Remembering how to walk - Using Active Dendrite Networks to Drive Physical Animations / Att minnas att gå - användning av Active Dendrite Nätverk för att driva fysiska animeringar

Creating embodied agents capable of performing a wide range of tasks in different types of environments has been a longstanding challenge in deep reinforcement learning. A novel network architecture introduced in 2021 called the Active Dendrite Network [A. Iyer et al., “Avoiding Catastrophe: Active Dendrites Enable Multi-Task Learning in Dynamic Environments”] designed to create sparse subnetworks for different tasks showed promising multi-tasking performance on the Meta-World [T. Yu et al., “Meta-World: A Benchmark and Evaluation for Multi-Task and Meta Reinforcement Learning”] multi-tasking benchmark. This thesis further explores the performance of this novel architecture in a multi-tasking environment focused on physical animations and locomotion. Specifically we implement and compare the architecture to the commonly used Multi-Layer Perceptron (MLP) architecture on a multi-task reinforcement learning problem in a video-game setting consisting of training a hexapedal agent on a set of locomotion tasks involving moving at different speeds, turning and standing still. The evaluation focused on two areas: (1) Assessing the average overall performance of the Active Dendrite Network relative to the MLP on a set of locomotive scenarios featuring our behaviour sets and environments. (2) Assessing the relative impact Active Dendrite networks have on transfer learning between related tasks by comparing their performance on novel behaviours shortly after training a related behaviour.

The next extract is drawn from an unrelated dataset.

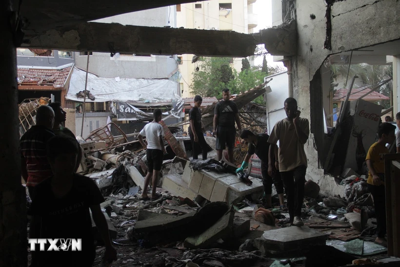 Hiện trường đổ nát sau vụ không kích của Israel nhằm vào một trường học ở Daraj, lân cận thành phố Gaza ngày 10/8/2024. (Ảnh: THX/TTXVN)
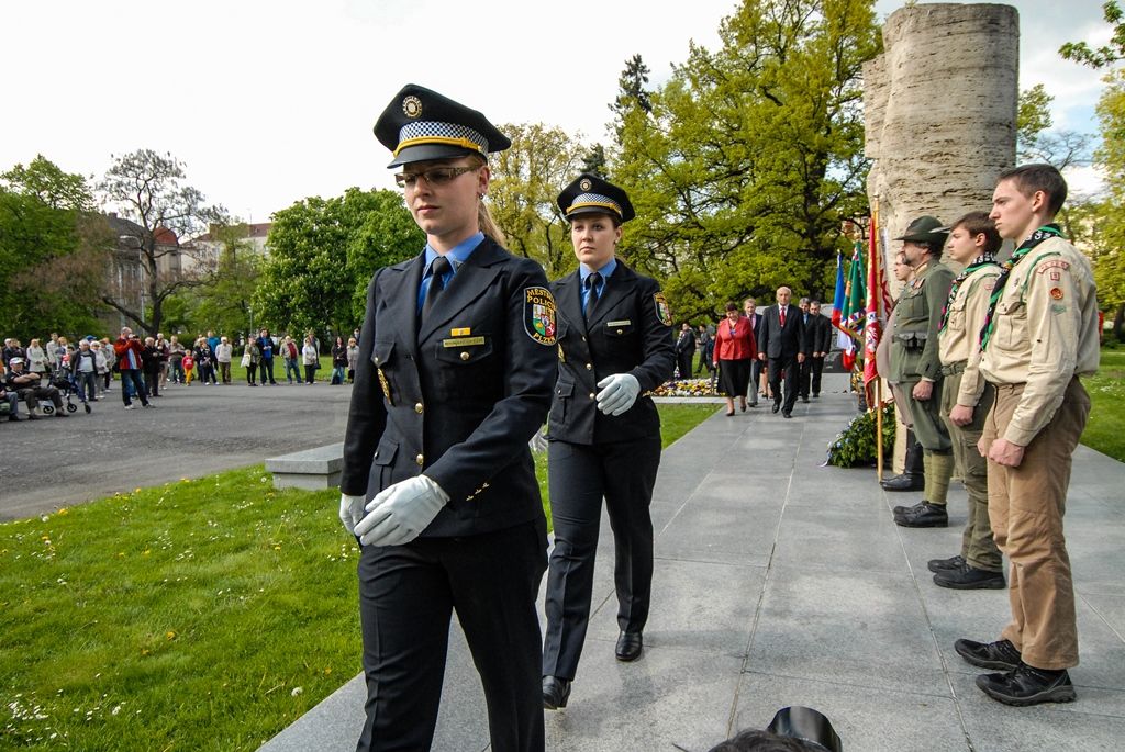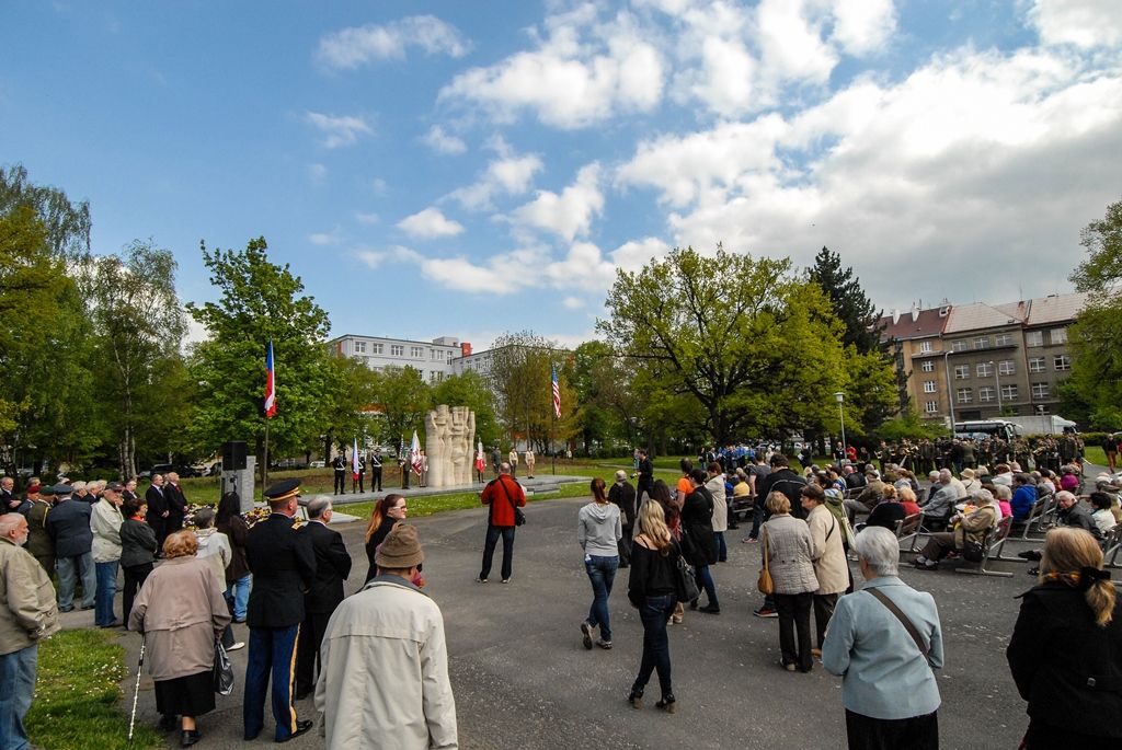 V odpoledních hodinách si pak Plzeň připomněla válečné oběti postupně u třech památníků. Bojovníky a oběti válek a současně padlé československé a spojenecké letce uctili zástupci města v čele s primátorem Plzně Martinem Zrzaveckým, významní hosté, veteráni a desítky Plzeňanů na náměstí Míru. Květiny a věnce položili u památníku, jenž symbolicky připomíná hrob osmi tisíc Plzeňanů bojujících za svobodu. Ve chvíli, kdy u památníku položili věnec také veteráni, lidé tleskali. „Jsem přesvědčen, že jediná cesta, která může udržet mír, je cesta rozumu, poctivého myšlení, vzdělání, vzájemné otevřenosti, víry v budoucnost i v sebe sama. A především je to cesta obyčejné dobré vůle. Dobré vůle, kterou by mělo být prodchnuto naše konání. Je to cesta dlouhodobá, ale jediná možná. Myslím, že tím nejlépe dokážeme uctít památku všech obětí válek, a na druhé straně i všech hrdinů, kteří se za náš lepší život, za náš život v míru a ve svobodě obětovali – ať již to byli Plzeňané, příslušníci domácího odboje, zahraničního odboje, anebo vojáci armády Spojených států amerických. Kvůli tomu jsme se tu dnes, na náměstí Míru, společně sešli,“ uvedl první náměstek primátora města Plzně Martin Baxa, který měl u prvního pietního aktu projev.

Our findings suggest that the novel Active Dendrite Network can make better use of limited network capacity compared to the MLP - the Active Dendrite Network outperformed the MLP by ∼18% on our benchmark using limited network capacity. When both networks have sufficient capacity however, there is not much difference between the two. We further find that Active Dendrite Networks have very similar transfer-learning capabilities compared to the MLP in our benchmarks.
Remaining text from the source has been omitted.